I set mode to ‘production’ to specify it’s production configuration. It minifies the output by eliminating the dead code.

Babel

Babel is a Javascript transcompiler. It transpiles next generation JavaScript with features not yet available to all browsers (ES2015 and beyond) to older more compatible JavaScript (ES5). It also converts JSX syntax to js with presets.

Here is the list of babel related packages that need to be installed for our project.

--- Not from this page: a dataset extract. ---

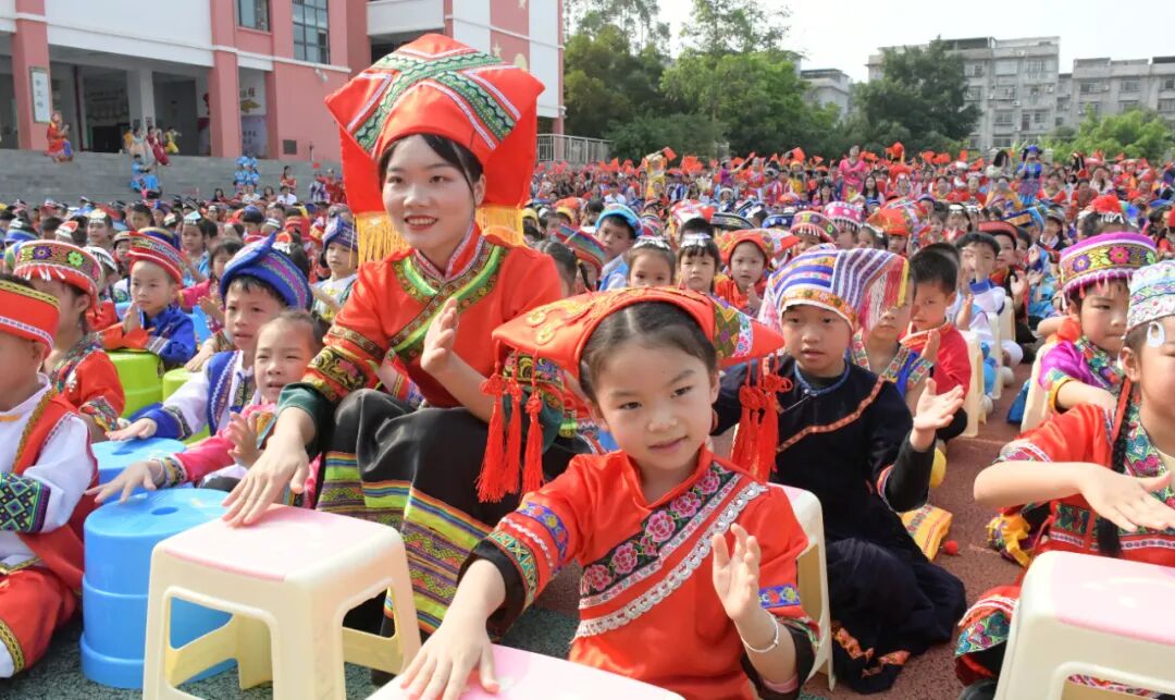 “石榴花开心连心,民族团结一家亲。”在中越边境的广西崇左,广西民族师范学院附属第二小学的各族少先队员们身着绚丽的节日盛装,在“喜迎二十大,争做好队员”主题实践活动中唱着脍炙人口的壮乡山歌、跳着“最炫民族风”的壮族“蚂拐舞”、抛着五彩缤纷的壮锦绣球。

  • @babel/core: Babel compiler core
  • @babel/plugin-transform-runtime: It deduplicates helper code across your compiled output.
  • @babel/preset-env: Babel preset for each environment. It defines which new Javascript features to transpile.
  • @babel/preset-react: Babel preset for all React plugins. It configures the transpiler for react.
  • babel-plugin-import: It loads the less-processed file but only for the components you actually use, supporting tree shaking. It reduces the bundle size of antd .less file.

I set up the babel configuration with the babel-loader in webpack.common.js.

{
test: /\.m?js$/,
exclude: /node_modules/,
use: {
loader: "babel-loader",
options: {
presets: ["@babel/preset-react", "@babel/preset-env"],
plugins: [
["@babel/plugin-transform-runtime"],
[
"@babel/plugin-transform-react-jsx",
{
pragma: "h",
pragmaFrag: "Fragment",
},
],
[
"import",
{
libraryName: "antd",
style: true,
},
],
],
},
},
},

Basically we’re telling webpack to look for any .js files (excluding ones in the node_modules folder) and apply babel transpilation using babel-loader with the @babel/preset-env, @babel/preset-react preset. In the plugins, @babel/plugin-transform-react-jsx to set up JSX in Preact syntax.

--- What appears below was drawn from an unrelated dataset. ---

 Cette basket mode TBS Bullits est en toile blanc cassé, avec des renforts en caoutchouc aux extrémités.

The import plugin enables modular import for Antd components, which reduces the bundle size significantly.

npm CLI scripts

Now that we walked through all the configuration. Let’s take a look at package.json scripts:

(Please ignore test and lint for now. I’ll explain them in the next article)

“scripts”: {
“start”: “webpack serve --config config/webpack.dev.js --open”,
“build”: “webpack --config config/webpack.prod.js”,
“test”: “jest --watch”,
“lint”: “eslint src tests --fix”
},

npm run start (or npm start) will run webpack serve command with the config file webpack.dev.js and the open option will open the browser after server had been started.

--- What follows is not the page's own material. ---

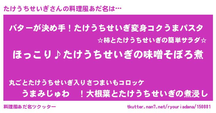 | ヘコむあだ名 | 『たけもー』『なまこ酢』 |
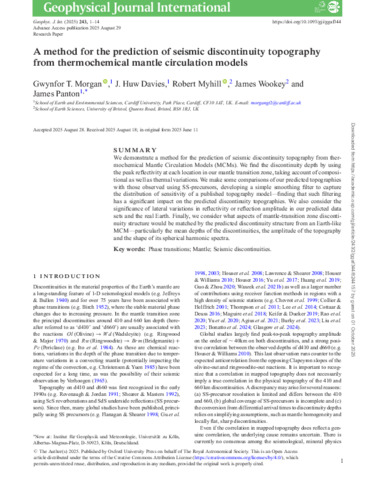 We demonstrate a method for the prediction of seismic discontinuity topography from thermochemical Mantle Circulation Models (MCMs). We find the discontinuity depth by using the peak reflectivity at each location in our mantle transition zone, taking account of compositional as well as thermal variations. We make some comparisons of our predicted topographies with those observed using SS-precursors, developing a simple smoothing filter to capture the distribution of sensitivity of a published topography model – finding that such filtering has a significant impact on the predicted discontinuity topographies. We also consider the significance of lateral variations in reflectivity or reflection amplitude in our predicted datasets and the real Earth. Finally, we consider what aspects of mantle-transition zone discontinuity structure would be matched by the predicted discontinuity structure from an Earth-like MCM – particularly the mean depths of the discontinuities, the amplitude of the topography and the shape of its spherical harmonic spectra.

npm run build will run webpack command with the config file webpack.prod.js.

This is how I set up my own Preact boilerplate from scratch with Babel and Webpack. Initially, it was challenging to figure out the custom setup because there were not many resources. But I found Preact community very helpful and I really enjoyed working with Preact. I wanted to share my findings with others too and I hope this information is helpful for your project. Next time, I’ll post how I set up testing and linting for our project and containerize the app with docker. Please feel free to give me any feedback on the comment. Thank you!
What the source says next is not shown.